Но Ахилл поднял руку, они понемногу стали стихать. Лерка, увидал он, старалась судорожно укротить рыдания. Он подошел к роялю, сел и медленно и тихо наиграл те звуки из «Ахиллеса» Ласкова, которые услышал от Мировича.

СОН РОЩ — ПЛЕСК ВОД — ТЕНЬ ГОР — МИР ЗВЕЗД

ЗВЕЗД МИР — ГОР ТЕНЬ — ВОД ПЛЕСК — РОЩ СОН

— Что я хочу вам сказать? Ахиллесом звали моего отца. Он был знаменитым дирижером. И был композитор. Я, к несчастью, не знаю его музыку. Но знаю, что отец писал и не закончил оперу об Ахиллесе. То, что я сейчас проиграл, — это одна, короткая тема оперы. Это первые звуки, которые играл на своей волшебной кифаре кентавр Хирон, когда начал обучать маленького Ахиллеса музыке и другим познаниям.

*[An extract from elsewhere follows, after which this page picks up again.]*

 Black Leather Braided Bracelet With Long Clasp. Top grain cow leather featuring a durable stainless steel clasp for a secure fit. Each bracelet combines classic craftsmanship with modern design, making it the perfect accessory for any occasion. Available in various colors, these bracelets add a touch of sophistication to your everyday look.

Ахилл еще раз повторил уже сыгранное.

— Я тоже пишу об Ахиллесе. И только что закончил… часть музыки о нем. «Симфония-миф», так я это назвал. А теперь, оказывается, и вы тоже сочинили… нечто об Ахиллесе. Очень рад. Спасибо.

Класс пошевелился.

— Ну а теперь, давайте-ка, поговорим. Начистоту. Только без шума и крика. — Он показал на дверь. — Сначала вы. По одному.

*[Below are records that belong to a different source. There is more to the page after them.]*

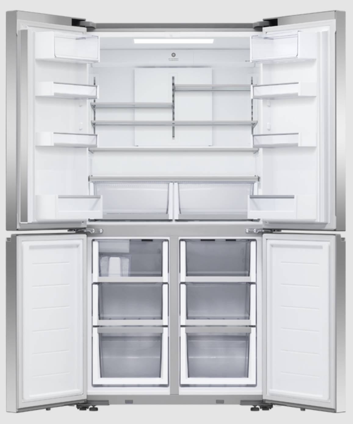 The Samsung Series 8 SpaceMax™ RF48A401EM9 French-Style Fridge Freezer in a sleek Silver finish seamlessly combines modern design with high performance for any contemporary kitchen. With SpaceMax™ technology, this fridge freezer offers extra storage capacity, accommodating up to three more bags of groceries compared to standard models, all while maintaining a compact exterior. The advanced Twin Cooling Plus™ system ensures that optimal humidity levels are maintained throughout, preserving the freshness and quality of your food for longer. The Total No Frost feature prevents ice build-up, saving you the hassle of manual defrosting and making maintenance a breeze.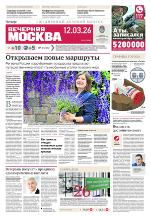 «Вечерняя Москва» — ежедневная российская вечерняя газета, старейшее из вечерних изданий в России, учрежденное в 1923 году. Выходит пять дней в неделю, кроме субботы и воскресенья. Отличается тем, что рассказывает о событиях еще не завершившегося дня. Оперативно освещает хронику и особенности жизни Москвы, охватывает все слои общества и большинство профессиональных и возрастных групп читателей.Издание представлено тремя выпусками – утренним ежедневным, вечерним (выходит три раза в неделю), еженедельным (выходит по четвергам).
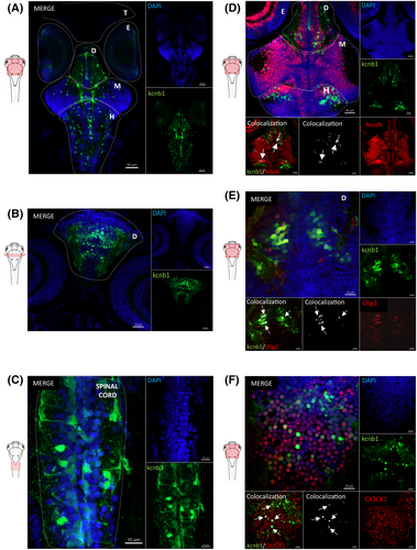 kcnb1 is expressed in distinct cell subtypes and various regions of the central nervous system in 6 days post fertilization (dpf) wild-type (WT) zebrafish. (A, B) Horizontal and transversal sections of WT zebrafish expressing cells (4,6-diamidino-2-phenylindole [DAPI]; blue) labeled with anti-kcnb1 (green), showing a large expression of the protein in the central nervous system (CNS) at 6 dpf. The protein is expressed in the telencephalon, diencephalon, midbrain including the optic tectum, and hindbrain comprising the cerebellum and the spinal cord (A: scale bar = 50 μm, magnification = 10×; B: scale bar = 30 μm, magnification 20×). (C) Horizontal section of a WT zebrafish at 6 dpf showing the presence of kcnb1 along the spinal cord (scale bar = 10 μm, magnification = 63×). (D–F) Horizontal sections of 6-dpf WT zebrafish expressing cells (DAPI; blue), kcnb1 (green), and specific cell subtype markers, respectively. (D) A neuronal nuclear marker (neuronal nuclear antigen [NeuN]; red, scale bar = 30 μm, magnification = 20×), (E) oligodendrocyte transcription factor 2 (Olig2; red, scale bar = 10 μm, magnification = 63×), and (F) CX3C motif chemokine receptor 1 expressed in microglial cells (CX3CR1; red, scale bar = 10 μm, magnification = 63×). Images demonstrate the colocalization between kcnb1 and the three different cell subtype markers, represented in white and marked by arrows. These results indicate the presence of kcnb1 in neurons, oligodendrocytes, and microglial cells. The colocalization was determined using Z-stack projection with IMARIS v10.1.0 software (Oxford Instruments). In figures, CNS regions are delimited by dotted lines. D, diencephalon; E, eyes; H, hindbrain; M: midbrain; T, telencephalon. n = 3–4/section. EXPRESSION / LABELING: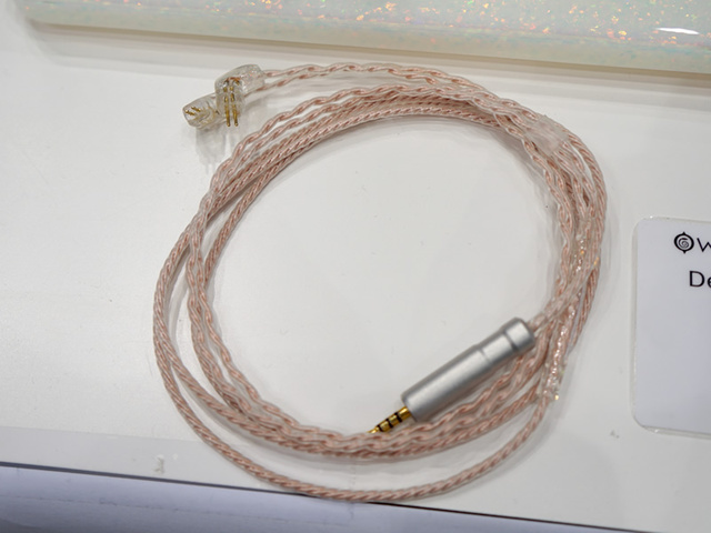 WAGNUS.はリケーブル「Development Flagship Cable,Code#3」を参考出展。こちらはNOBLE AUDIOの最上位カスタムIEM「Katana」にバンドルしているもので、単品売りはまだ行っていないため参考出展扱いでの展示だった。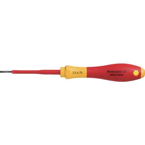 日本ワイドミュラー(株) 品番:9008370000 ワイドミュラー マイナス絶縁ドライバー SDIS 0.4X2.5X75 特長AC1000V、DC1500V対応のDINEN60900IEC900に基づく絶縁ドライバです。握りやすく、疲れにくい独自のSoftFinish(R)グリップは、効率的にトルクを伝達し、快適な作業を提供します。クロムバナジウムモリブデン鋼に独自の加工を加えた先端は耐久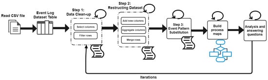 After preprocessing the event logs by using the CPA-PM method, the resulting dataset was imported to two PM tools, namely Disco and ProM, for process discovery (the specific type of process mining of interest in this case study) and analysis. The preprocessing steps can go through several iterations before getting to the final answers to the analysis questions. Even after importing the dataset to PM tools, a process model is generated (e.g.,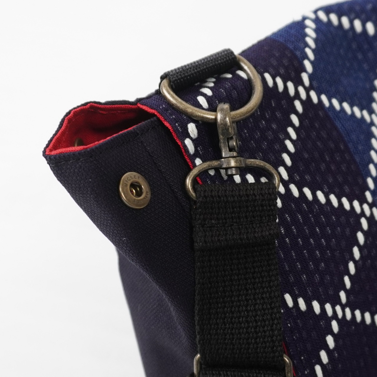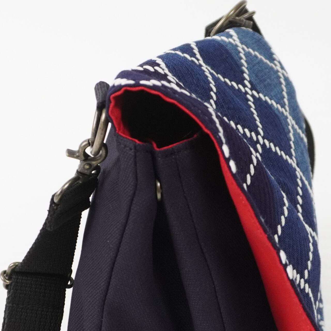CHIGIRI グラデーション刺子切替 横型かぶせショルダーバッグ 日本製 メンズ ユニセックス インディゴ鹿の子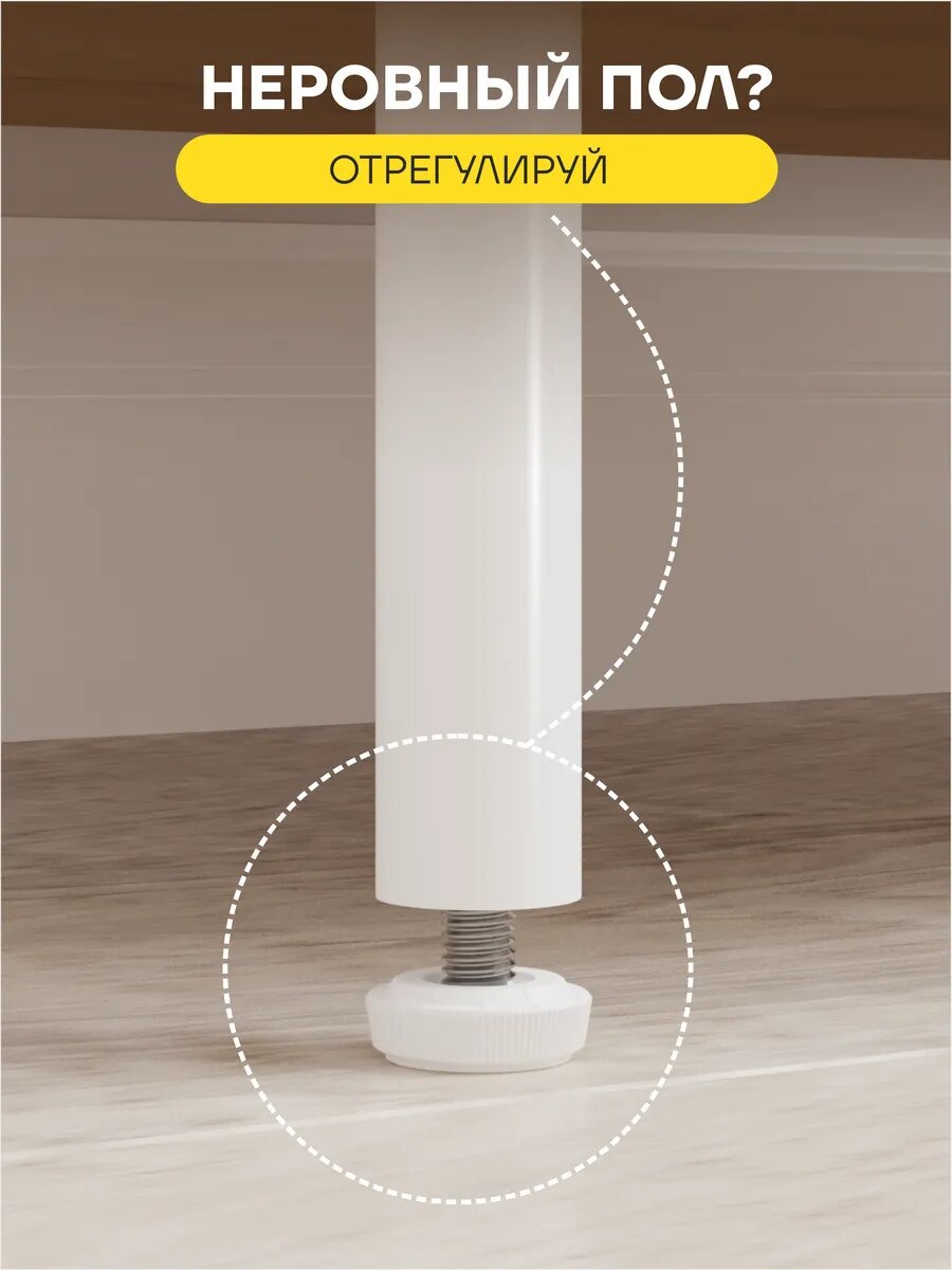 В базовый набор входят 4 полки с креплениями и пластиковые заглушки. Для установки на линолеум или ковролин рекомендуем использовать резиновые прокладки. Выравнивание по уровню осуществляется регуляторами высоты ножек.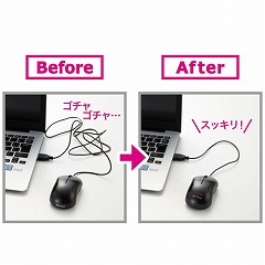 バッファローとカウネットの共同開発!ノートPCでの利用でケーブルが邪魔にならないショートケーブルマウス。高感度BlueLED採用で高い読取性能を実現。クリック音が気にならない静音スイッチを採用。

— Вас увольняют. Это правда?

— Я об этом еще не знаю. Но думаю, что да.

— А за что?

— Многое накопилось. Но главное вы и сами понимаете: в школе с вами были, вам преподавали учителя, которые не хотели из вас воспитывать приспособленцев, трусов, лжецов. Вы знаете, конечно, кто эти учителя.

— Вы!

— Вы, Михаил Ильич!

— Ну, я тоже старался. Я рад, что вы это понимаете.

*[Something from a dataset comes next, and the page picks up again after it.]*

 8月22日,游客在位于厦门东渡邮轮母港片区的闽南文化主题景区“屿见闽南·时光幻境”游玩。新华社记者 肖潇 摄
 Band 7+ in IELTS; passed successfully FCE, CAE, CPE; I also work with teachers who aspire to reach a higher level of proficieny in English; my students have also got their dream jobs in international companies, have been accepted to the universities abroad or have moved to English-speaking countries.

— А радио, Михаил Ильич? Это не вранье?

— Что ты имеешь в виду? Что я сочинил произведение на тексты «Правды»?

— Ну, хотя бы…

— Это верно.

— Они говорят, что увольняют вас за это.

— Глупо. Но думаю, тут уж все заодно.

— А услышать можно — это ваше сочинение?

— Услышать? Не знаю, что вам ответить. Это же крамола теперь, не так ли?

— Ну и что? Наплевать. У кого-нибудь дома?

— Посмотрим. Во всяком случае, не сейчас. Сейчас вам это ни к чему.

— Я вам хочу сказать, Михаил Ильич, объявить от имени класса, мне поручили, что в ответ на ваше увольнение мы в знак протеста объявляем сидячую забастовку и, приходя каждый день в школу, отказываемся заниматься в классе, пока вас не восстановят. Это решение принято единогласно при трех воздержавшихся.

— Послушайте, ребята! — вскочил Ахилл. — Да это вы единогласно сошли с ума!

— Нет! Нет-нет!

— Это они сошли с ума!

— Гады!

— Тихо-тихо! Не галдите. У меня болит голова. Давайте поговорим спокойно.

Ахилл поднял руки:

— …авайте-овор… я скасать… пово… говори-мим… копой-но…

Класс смолк. Все смотрели на учителя.

За окнами серел московский зимний полдень. Был один из первых дней февраля, и много чего в этот день, в этот миг повсюду происходило — симультанно, синхронно, одномгновенно.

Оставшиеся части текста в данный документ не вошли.